The Interactive Brokers (IBKR) screener stands out because the powerful toolset can be applied to all of IBKR's asset offerings, including ETFs. This means you can customize the Mosaic interface with an ETF-specific watchlist, pulling in the market and news information you want to see from a trading perspective. You can also leverage Fundamentals Explorer to pull in hundreds of data points, more than 80 news wires and reports, and thousands of analyst ratings.

IBKR also has a mutual fund replicator that helps users swap out any mutual fund for an ETF with lower management fees. Traders looking to use an ETF to hedge a position can also use the Beta Hedge order to find the right ETF for the job.

  • Robust platform with the lowest margin rates

  • Can trade an extensive range of asset classes in 135 markets across 33 countries

  • Research capabilities and tools for all asset classes are excellent

  • Trading platform can be intimidating to new investors

  • Trading interface may be complicated for users only buying and holding ETFs

Final Verdict

Cost used to be the major factor in evaluating online brokers. As the vast majority of online brokers now offer commission-free ETF and stock trading, we need to look beyond the fee and into the tools brokers provide you to find the right ETFs for your portfolio. Specifically, does a broker make it easy to screen the vast universe of ETFs according to your specific criteria? We found that Schwab and Interactive Brokers both do a wonderful job of helping you find ETFs, but we gave Schwab the edge overall because it is a friendlier platform for newer investors and provides complementary portfolio tools to support them. Interactive Brokers is aimed more at intermediate-to-advanced investors and traders, so there is less focus on getting newer investors up to speed. As with all of our top-ranking brokers, you really wouldn't go wrong choosing either one.

What Is ETF Trading?

An exchange-traded fund (ETF) is a basket of securities that you buy or sell through your broker. ETFs generally track a specific index, such as the S&P 500, Dow Jones Industrial Average (DJIA), or Nasdaq 100. ETFs have ticker symbols and intraday price data, and they are bought and sold just like stocks on stock exchanges. You can gain exposure to virtually any market or industry sector by trading ETFs, so they can be an important diversification tool.

Who Should Invest in ETFs?

ETFs can be an easy way for investors to diversify their portfolios. In addition, ETFs offer lower costs and greater tax efficiency than actively managed mutual funds. And since they trade like stocks, they are easy to buy and sell during market hours. ETFs are worth considering if you are looking for these benefits and prefer a "set it and forget it" strategy rather than researching individual stocks. Overall, however, any investor can benefit from ETFs. Advanced traders will even use them to set up multi-asset or multi-market trades as you can find an ETF to act as a proxy for specific markets and asset classes quite easily.

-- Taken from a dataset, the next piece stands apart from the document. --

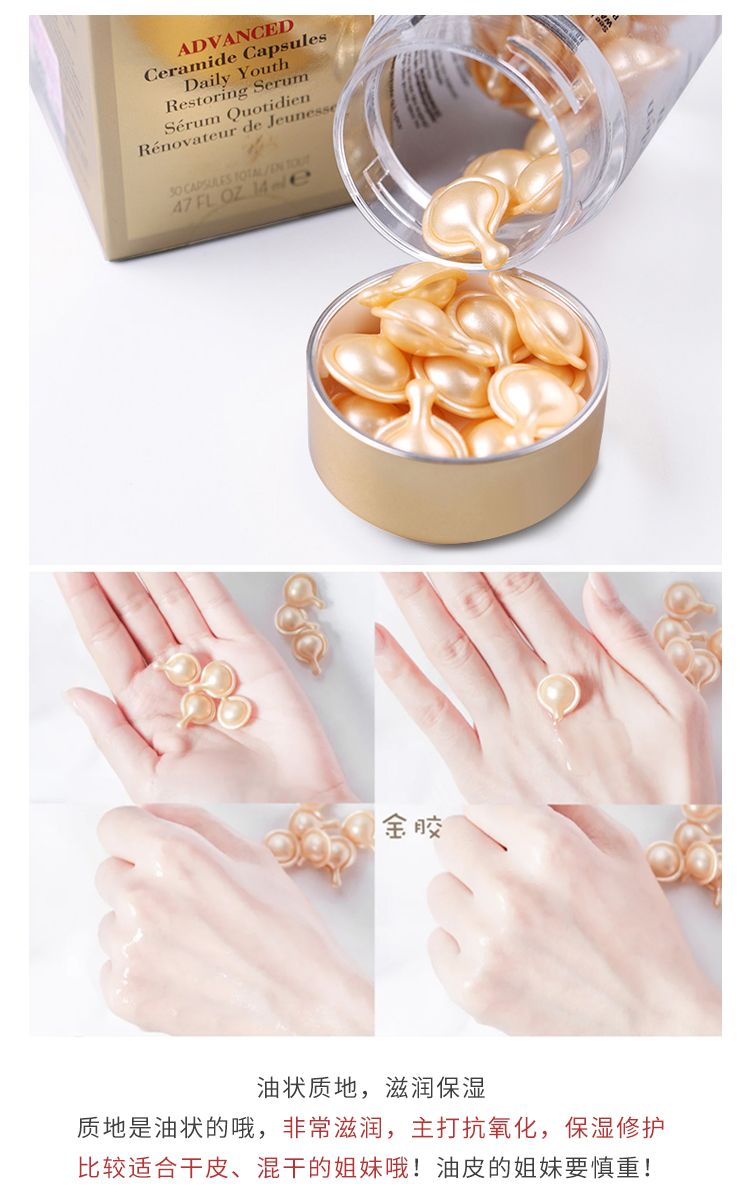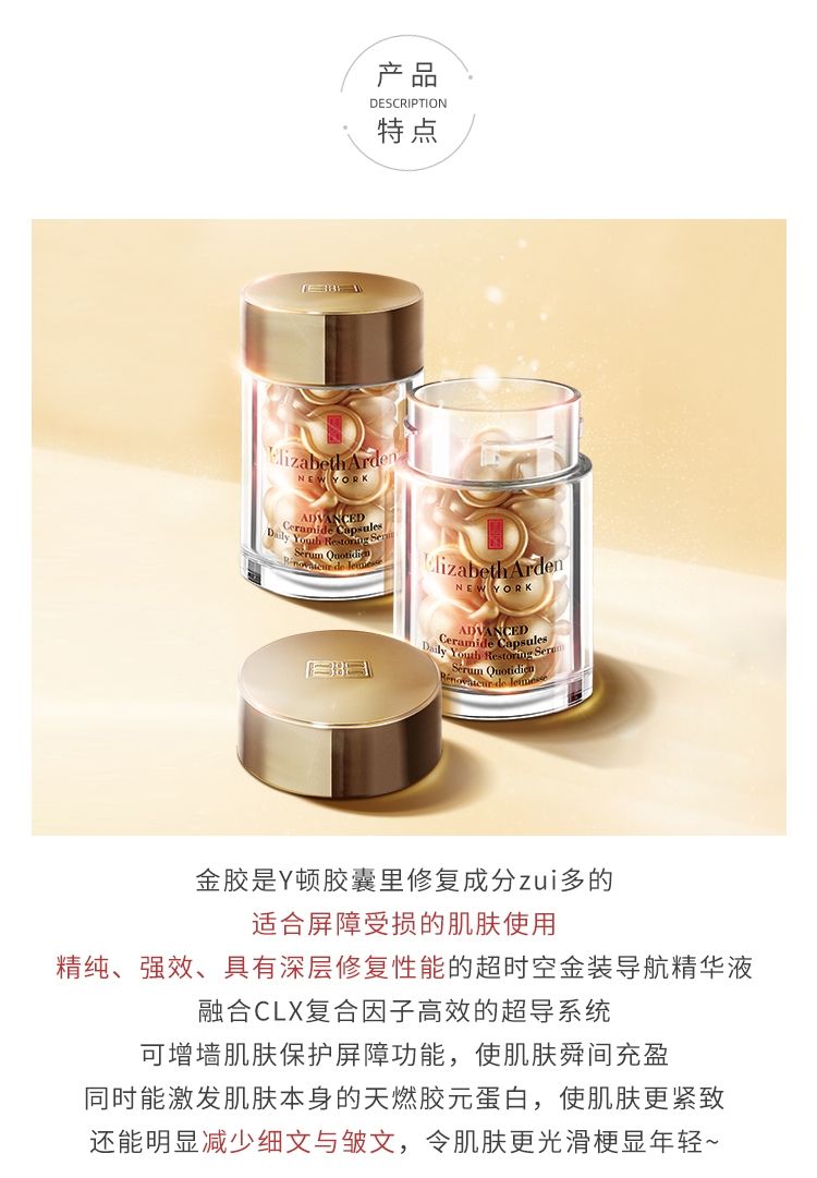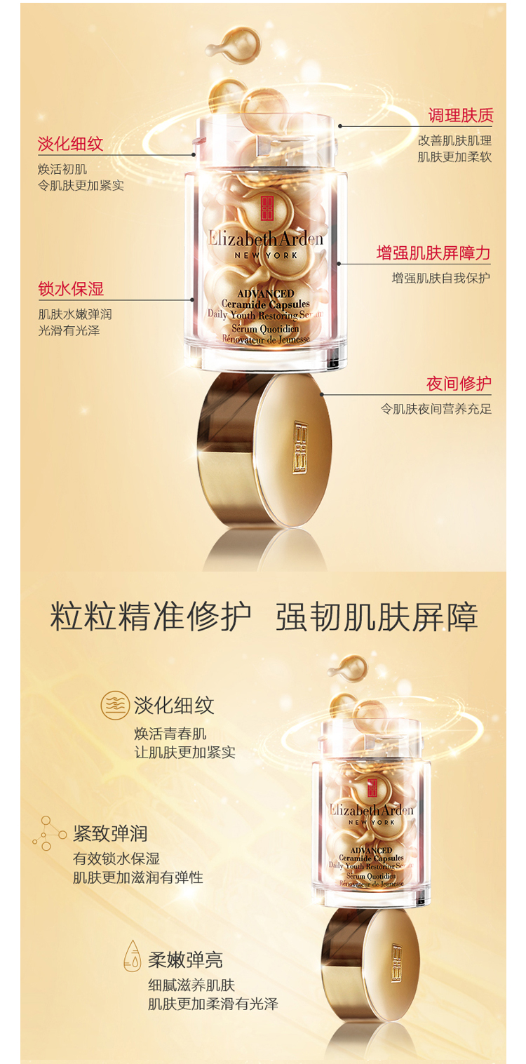 雅顿金胶时空焕活胶囊精华液神经酰胺面部精华淡化约30粒
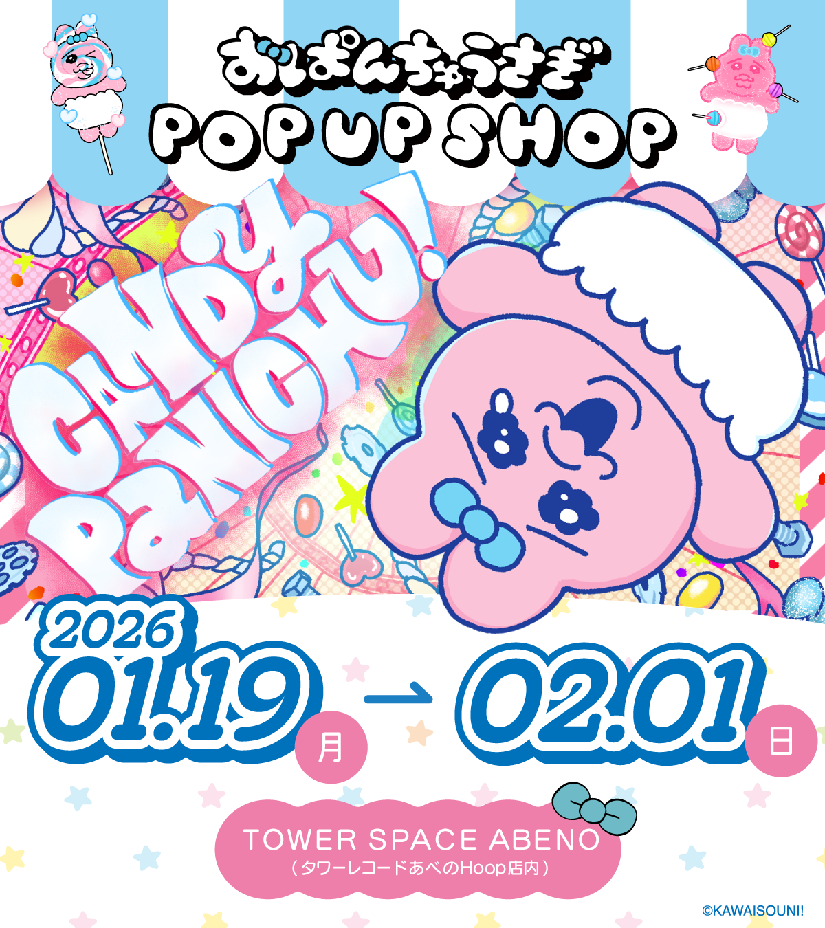 『おぱんちゅうさぎ』より、【CANDY PANICHU!】がテーマのキャンディ工場をイメージした体験展示型POPUP SHOPが「タワーレコードあべのHoop店」にて大阪巡回決定!

What Is the Difference Between ETFs, Stocks, and Mutual Funds?

Stocks, ETFs, and mutual funds are types of securities, but they differ in terms of risk, costs, tax efficiency, and how you buy and sell them.

Stocks vs. ETFs vs. Mutual Funds
 Stocks ETFs Mutual Funds
What it is single security basket of securities basket of securities
Risk concentrated diversified exposure diversified exposure 
Costs commission, bid-ask spread commission, bid-ask spread, expense ratio, premium/discount commission, expense ratio, sales load, early redemption
When you can trade market hours, prices continuously fluctuate market hours, prices continuously fluctuate trades filled once a day after market hours, priced once per day based on net asset value (NAV)
Tax efficiency most control over capital gains less control over capital gains least control over capital gains

How Do I Buy an ETF online?

ETFs trade on stock exchanges just like stocks. You can buy and sell ETFs through your brokerage account during regular market hours (when the stock exchanges are open). Many brokers today offer commission-free trading for ETFs; however, ETFs charge fees, known as expense ratios. The expense ratio is listed as an annual percentage. For example, a 1% expense ratio means you'll pay $10 for every $1,000 you invest in the ETF. The expense ratio can take a significant bite out of your profits, so it's important to compare expenses when researching ETFs (and mutual funds).

Do ETFs Pay Dividends?

If you own shares of an ETF, you may receive distributions in the form of dividends. There are two types of dividends issued to ETF investors:

  • Qualified dividends: These dividends are taxed at the capital gains rate, which depends on your modified adjusted gross income and taxable income rate (0%, 15%, or 20%). These dividends are paid on stocks the ETF held for at least 60 days during the 121-day period beginning 60 days before the ex-dividend date. To receive the dividend, you must own shares of the dividend-paying ETF for at least 60 days during the 121-day period that begins 60 days before the ex-dividend date. That means investors who actively trade ETFs generally don't receive any dividends.
  • Non-qualified dividends: These dividends are taxed at ordinary income tax rates because they are not designated as qualified. Dividends may be nonqualified if the ETF held the dividend-paying stock for fewer than the required 60 days.

Are ETFs Safe?

In general, ETFs are considered low-risk investments because they hold a basket of securities, which increases diversification. ETFs can be less risky than individual stocks because they aren't tied to the performance of one company like a single stock is. That means if one stock in the ETF tanks, it won't bring down the entire fund (provided it's a well-balanced fund).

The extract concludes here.